Caltracs Install Photo Gallery by Steve Orel at pbase.com

If the caltracs don't work my other idea was 2" .250 dom tubing at around 5' long per side with johnny joints on each end. A brackett on the frame either bolt on or weld on and then either a plate to use the u-bolts for mounting or me welding on some axle mounts which reminds me what is the axle diameter of the d70 tubes? With everything i need i'm looking close to $550 without welding expendables or paint. I don't have acces to lathes or anything along those lines without paying so i'd be purchasing these pieces from popular stores linked in the traction bar thread of the tractor pull section.

Right now the truck is at around 500rwhp but I plan to take that up possibly in the distant future so whatever route I go I'd like them to work at that hp (never more then 700rwhp 99% sure). I'm just in the planning stage now this will not be happening immediately.

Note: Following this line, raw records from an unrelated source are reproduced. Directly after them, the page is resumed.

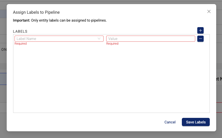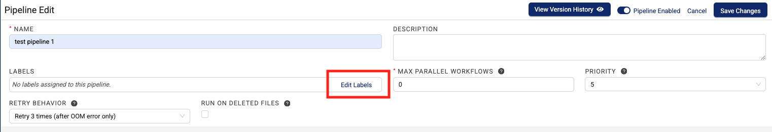 (Optional) For LABELS, assign labels to the pipeline to help with organization and access control.
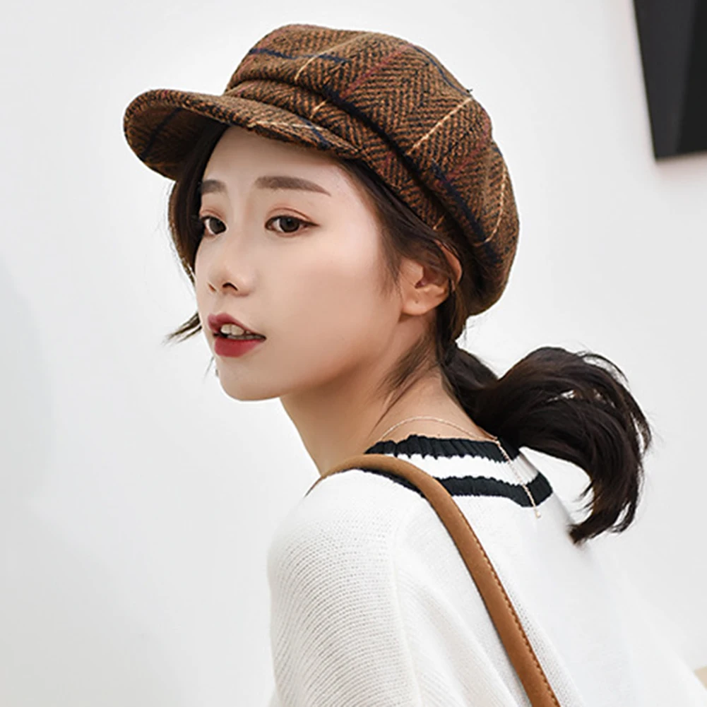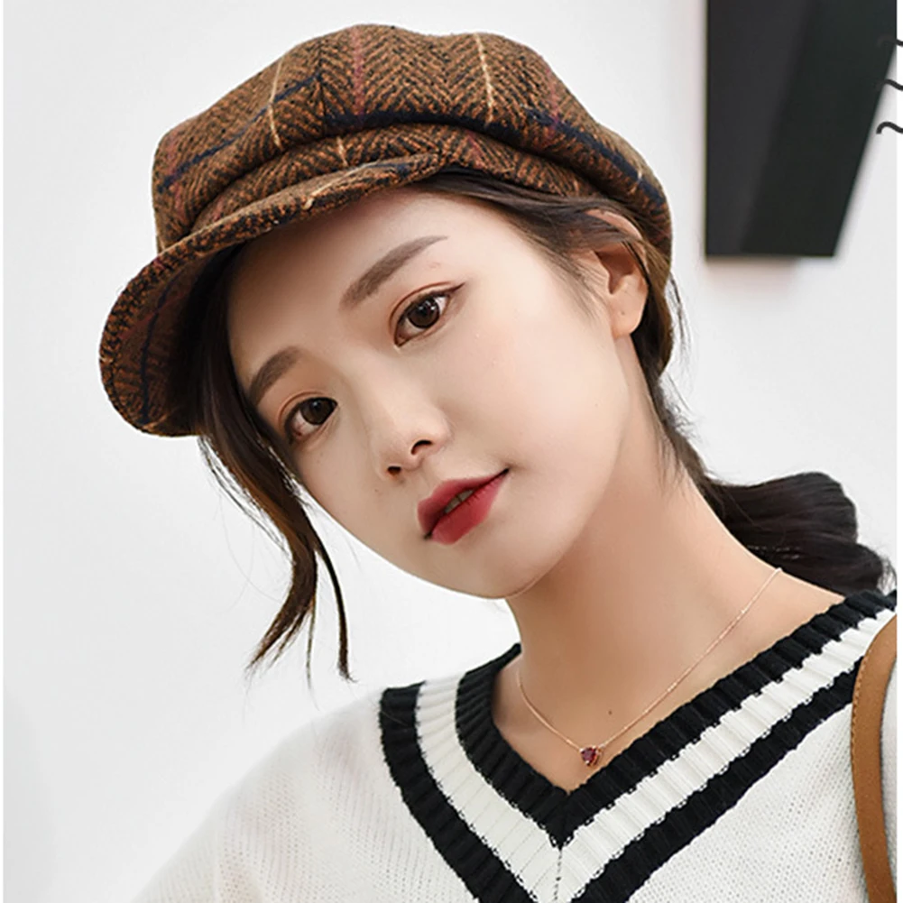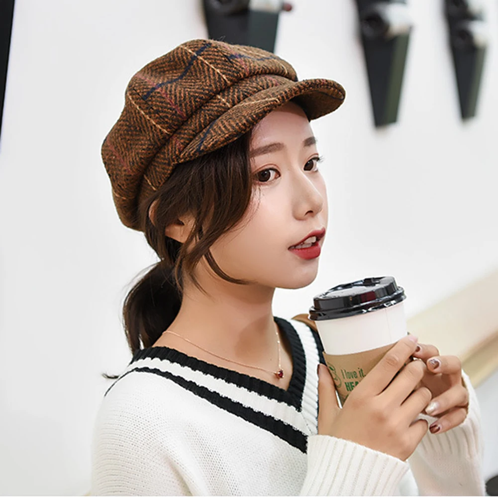 Модная осенне-зимняя женская клетчатая хлопковая кепка на плоской подошве, кепка в стиле кэжуал, берет
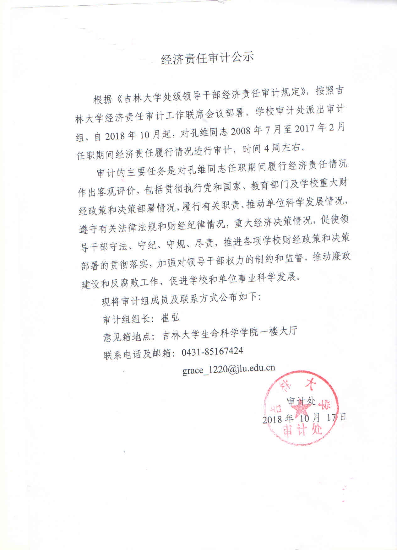 经济责任审计公示
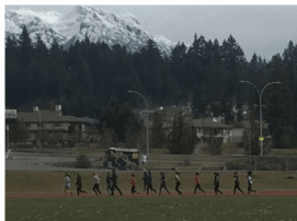 We are lucky to have a rubber-surface track right across from our school. This type of facility is excellent year round because it is easy on joints, stays clean (not muddy like the trails), and has the added bonus of bleachers – an additional place to workout! It is also free, you don’t need to bring any equipment with you, it’s a switch up from regular PE classes, and it introduces students to a community facility.
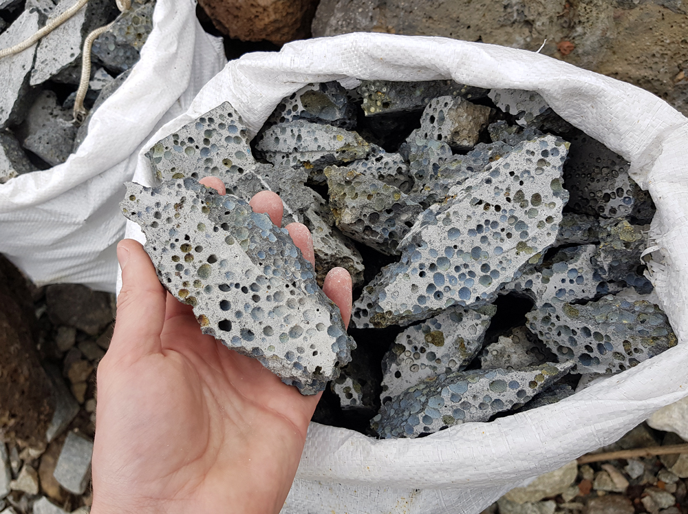 Мы также реализуем туф вулканический. Он у нас в крае встречается часто, иногда его случайно находят в огороде или при строительстве. Кто-то целенаправленно ищет такие камни в лесу рядом с вулканами – накидали грузовичок 3 тонны и продают у обочины. У нас объемы крупнее и если клиент запросит хоть 50 тонн, то через пару недель заказ будет готов.
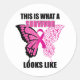 Adesivo Redondo Cancer de Sobrevivência da Mama da Borboleta Rosa
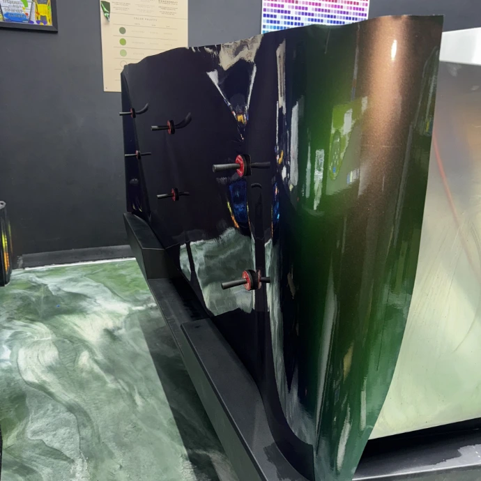 Cette pellicule offre une profondeur de couleur unique, passant par différentes teintes selon l’éclairage, tout en conservant une finition lisse et uniforme.
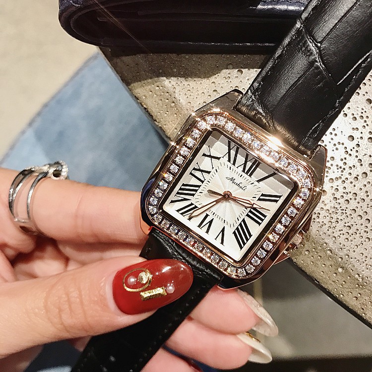 蒂米妮時尚水鑽咖皮女錶 wat261
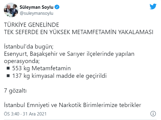 "Türkiye genelinde tek seferde en yüksek metamfetamin yakalaması. İstanbul'da bugün; Esenyurt, Başakşehir ve Sarıyer ilçelerinde yapılan operasyonda; 553 kg metamfetamin, 137 kg kimyasal madde ele geçirildi. 7 gözaltı. İstanbul Emniyeti ve Narkotik Birimlerimize tebrikler."
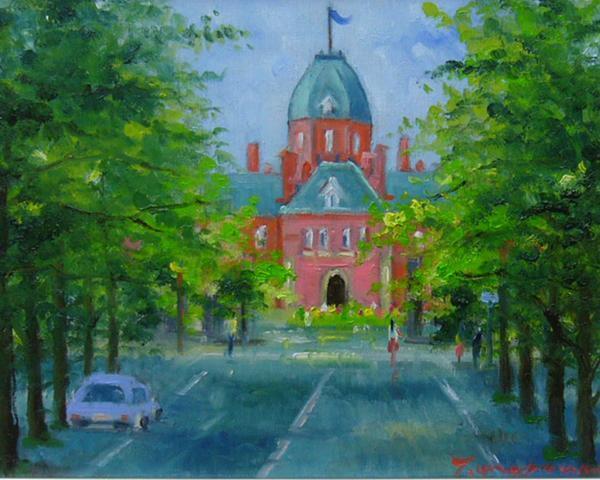| 作品説明 | 緑の木々に包まれた北海道 県庁,国指定重要文化財,日本の建築、風格 品格が有り素敵に描かれていますね。 |
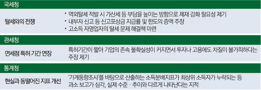 고소득 자영업자의 탈세 문제를 해결하는 것도 빼놓을 수 없는 과제로 꼽힌다. 국세청에 의하면 고소득 전문직 및 고소득 자영업자 등 고소득층의 소득적출률은 2005년 12월 56.9%에서 2009년 9월 31.2%까지 하락하다가 이후 지속적으로 증가해 2014년에는 43.1%까지 늘어났다.
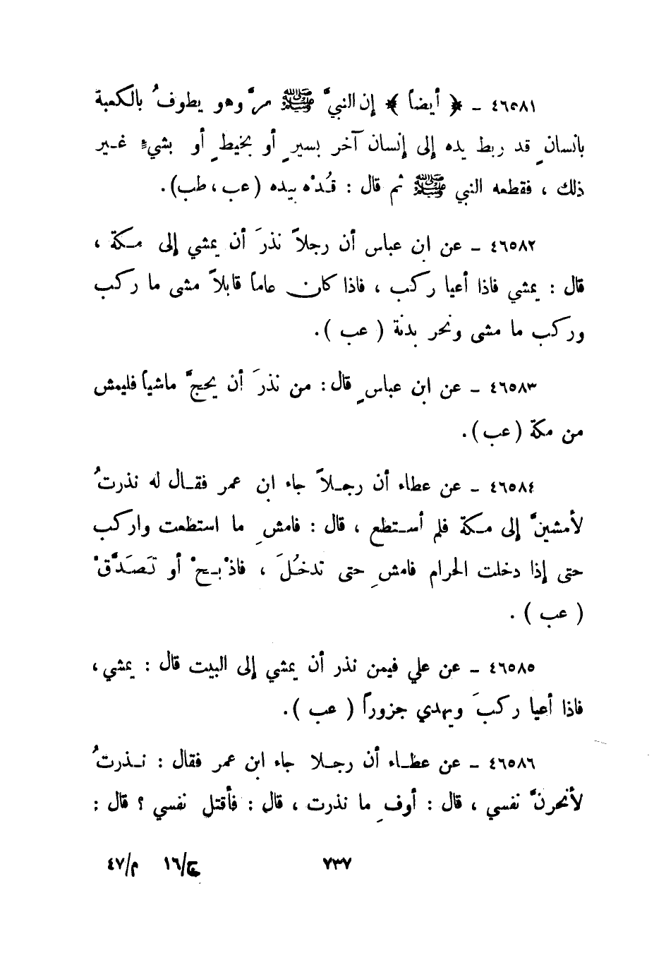 46584- عن عطاء أن رجلا جاء ابن عمر فقال له نذرت لأمشين إلى مكة فلم أستطع، قال: فامش ما استطعت واركب حتى إذا دخلت الحرام فامش حتى تدخل، فاذبح أو تصدق. "عب".
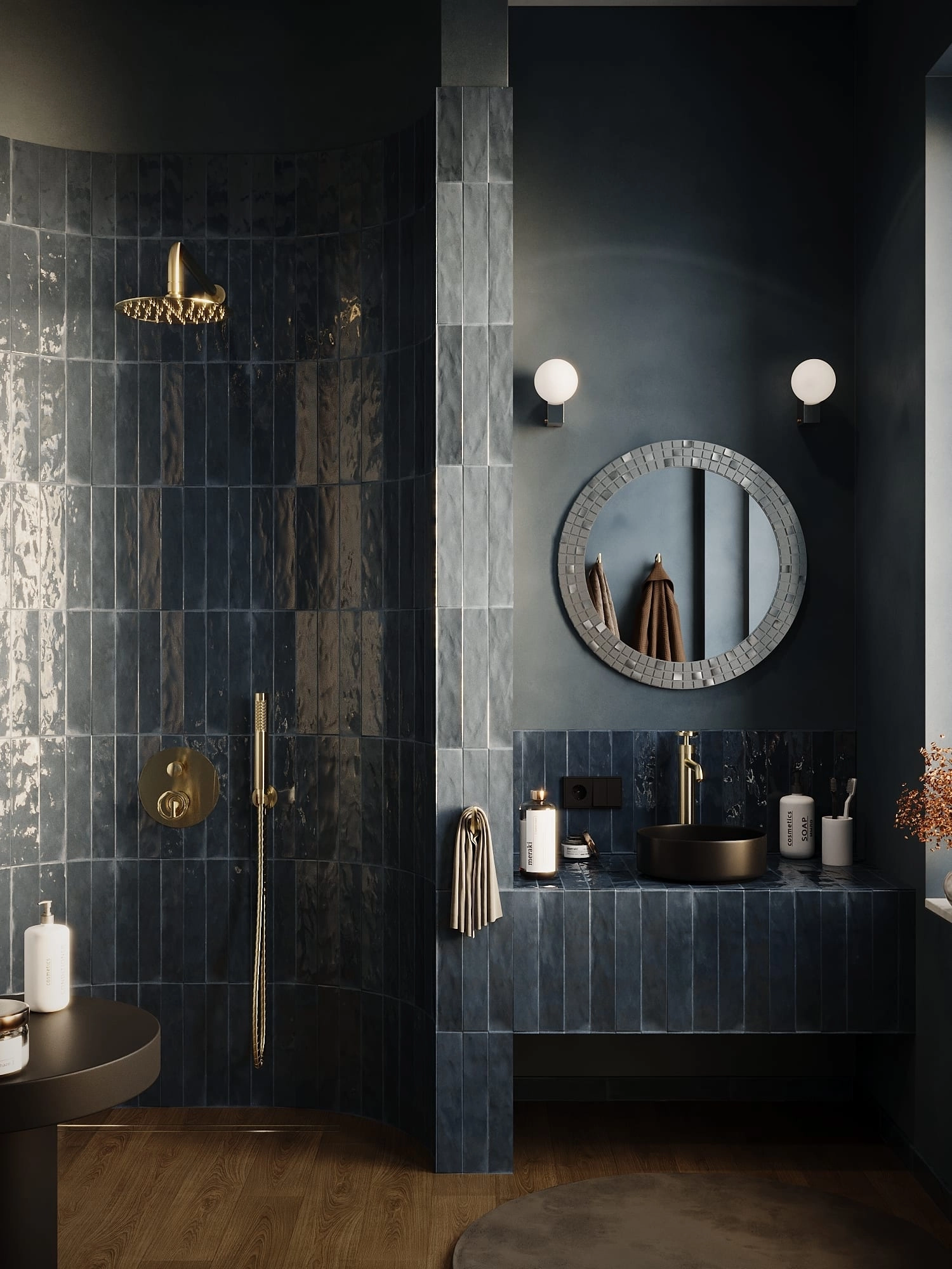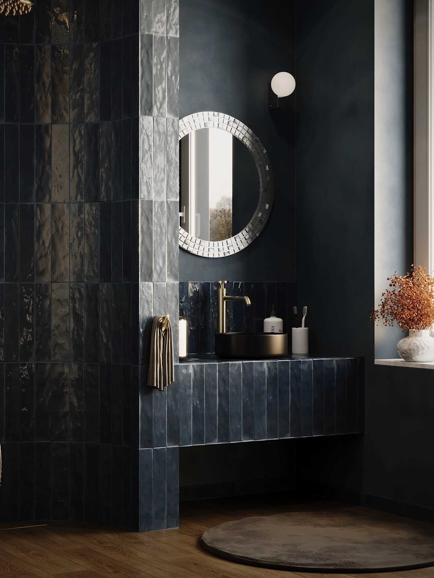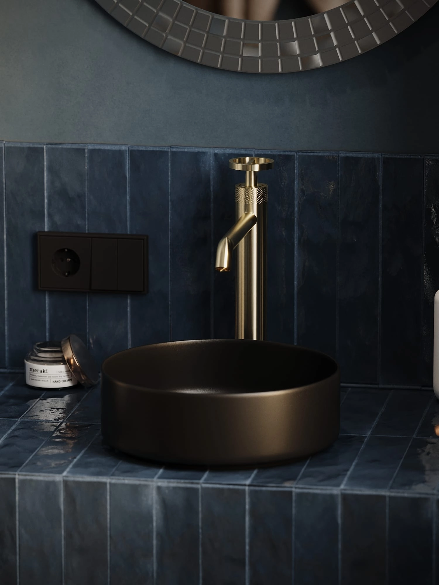 Bateria nablatowa wysoka Nebis została zaprojektowana z myślą o współczesnych umywalkach nablatowych, z którymi tworzy spójną, wertykalną kompozycję.

Ok so i'm open to suggestions experience etc. with users of custom bars and caltracs doing what I'd like to do. Thanks:Cheer:
 
this is what my old bars look like
IMG_0712.jpg
IMG_0684.jpg
IMG_0683.jpg

now i switched to caltracs and wouldnt look back they are great for street use and daily driven i even thought about this till i priced them from calvert racin
http://www.hotrodsandhemis.com/traction1.html
 
If that is what your going to do with the truck just get traction bars not cal-tracs.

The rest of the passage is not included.